▶ [WHAT YOU ARE ASKED TO DO]
Starting at the first line and ending at the one with "3、接取任务后,开始游戏场景", give the lines of the listing again exactly, and nothing else; skip the pictures.

▶ [DATA PROVIDED]
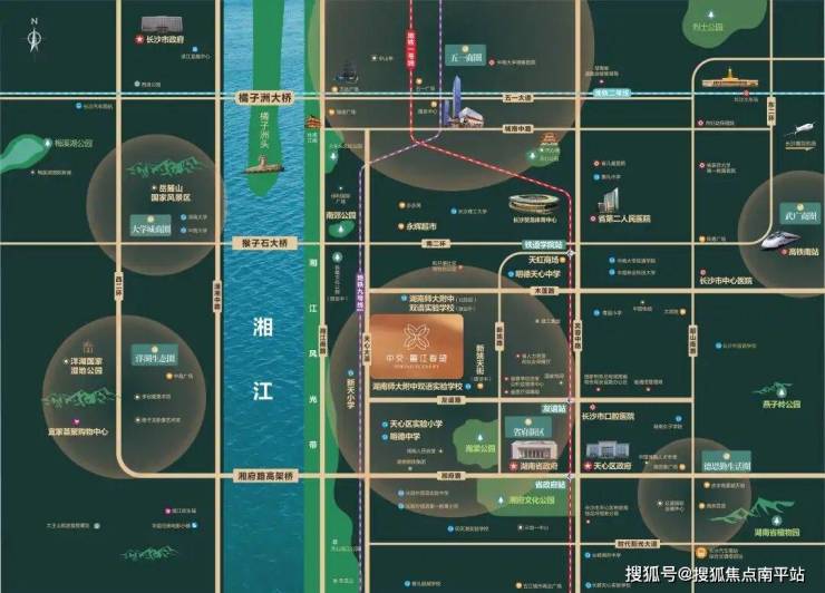 步行直达湘江风光带,私享山水洲景观,天心滨江公园、南郊公园、海棠公园、湘府文化公园打造城市“翡翠项链”,拥揽项目本身生态景观园林,畅享绿意鲜氧生活
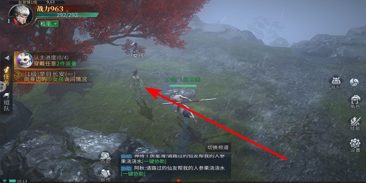 3、接取任务后,开始游戏场景后,找到附近身边的小女孩,接取举目长安一任务,按指引询问情况,开启前期的成长剧情任务线。
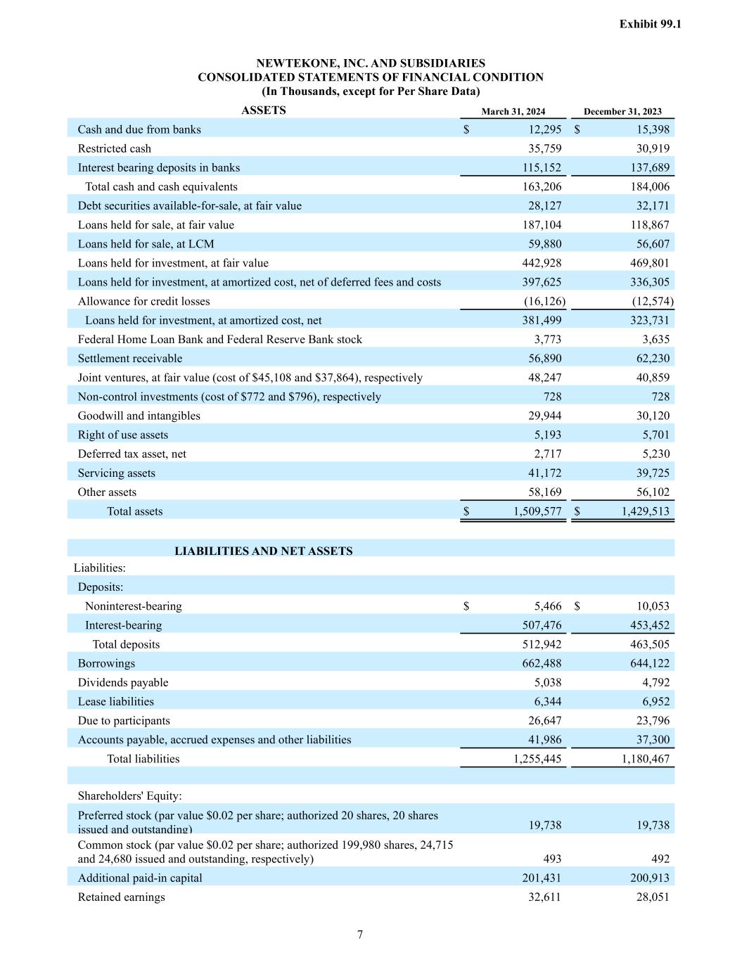 Exhibit 99.1 7 NEWTEKONE, INC. AND SUBSIDIARIES CONSOLIDATED STATEMENTS OF FINANCIAL CONDITION (In Thousands, except for Per Share Data) ASSETS March 31, 2024 December 31, 2023 Cash and due from banks $ 12,295 $ 15,398 Restricted cash 35,759 30,919 Interest bearing deposits in banks 115,152 137,689 Total cash and cash equivalents 163,206 184,006 Debt securities available-for-sale, at fair value 28,127 32,171 Loans held for sale, at fair value 187,104 118,867 Loans held for sale, at LCM 59,880 56,607 Loans held for investment, at fair value 442,928 469,801 Loans held for investment, at amortized cost, net of deferred fees and costs 397,625 336,305 Allowance for credit losses (16,126) (12,574) Loans held for investment, at amortized cost, net 381,499 323,731 Federal Home Loan Bank and Federal Reserve Bank stock 3,773 3,635 Settlement receivable 56,890 62,230 Joint ventures, at fair value (cost of $45,108 and $37,864), respectively 48,247 40,859 Non-control investments (cost of $772 and $796), respectively 728 728 Goodwill and intangibles 29,944 30,120 Right of use assets 5,193 5,701 Deferred tax asset, net 2,717 5,230 Servicing assets 41,172 39,725 Other assets 58,169 56,102 Total assets $ 1,509,577 $ 1,429,513 LIABILITIES AND NET ASSETS Liabilities: Deposits: Noninterest-bearing $ 5,466 $ 10,053 Interest-bearing 507,476 453,452 Total deposits 512,942 463,505 Borrowings 662,488 644,122 Dividends payable 5,038 4,792 Lease liabilities 6,344 6,952 Due to participants 26,647 23,796 Accounts payable, accrued expenses and other liabilities 41,986 37,300 Total liabilities 1,255,445 1,180,467 Shareholders' Equity: Preferred stock (par value $0.02 per share; authorized 20 shares, 20 shares issued and outstanding) 19,738 19,738 Common stock (par value $0.02 per share; authorized 199,980 shares, 24,715 and 24,680 issued and outstanding, respectively) 493 492 Additional paid-in capital 201,431 200,913 Retained earnings 32,611 28,051
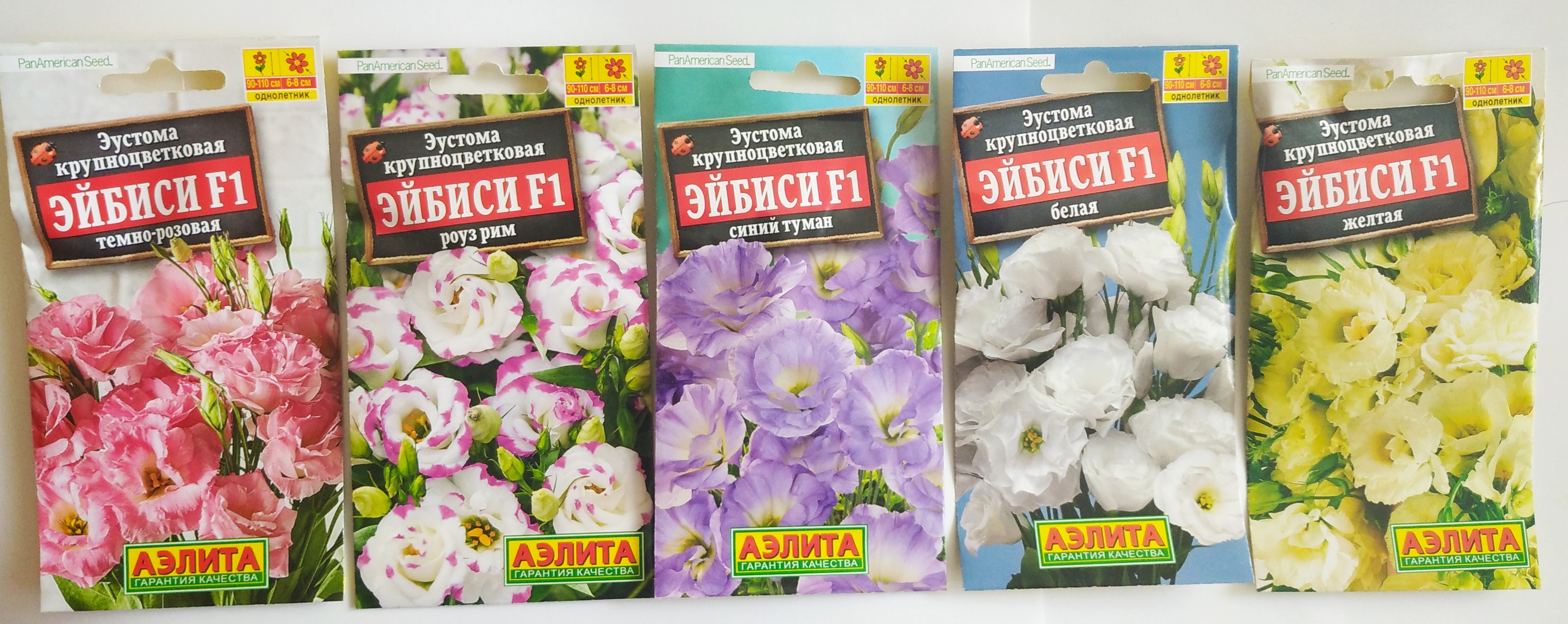 Набор Эустома Эйбиси белая, желтая, синий туман, роуз рим, темно-розовая по 5 шт семян в каждой

▶ [ANSWER SPACE]
 步行直达湘江风光带,私享山水洲景观,天心滨江公园、南郊公园、海棠公园、湘府文化公园打造城市“翡翠项链”,拥揽项目本身生态景观园林,畅享绿意鲜氧生活
 3、接取任务后,开始游戏场景后,找到附近身边的小女孩,接取举目长安一任务,按指引询问情况,开启前期的成长剧情任务线。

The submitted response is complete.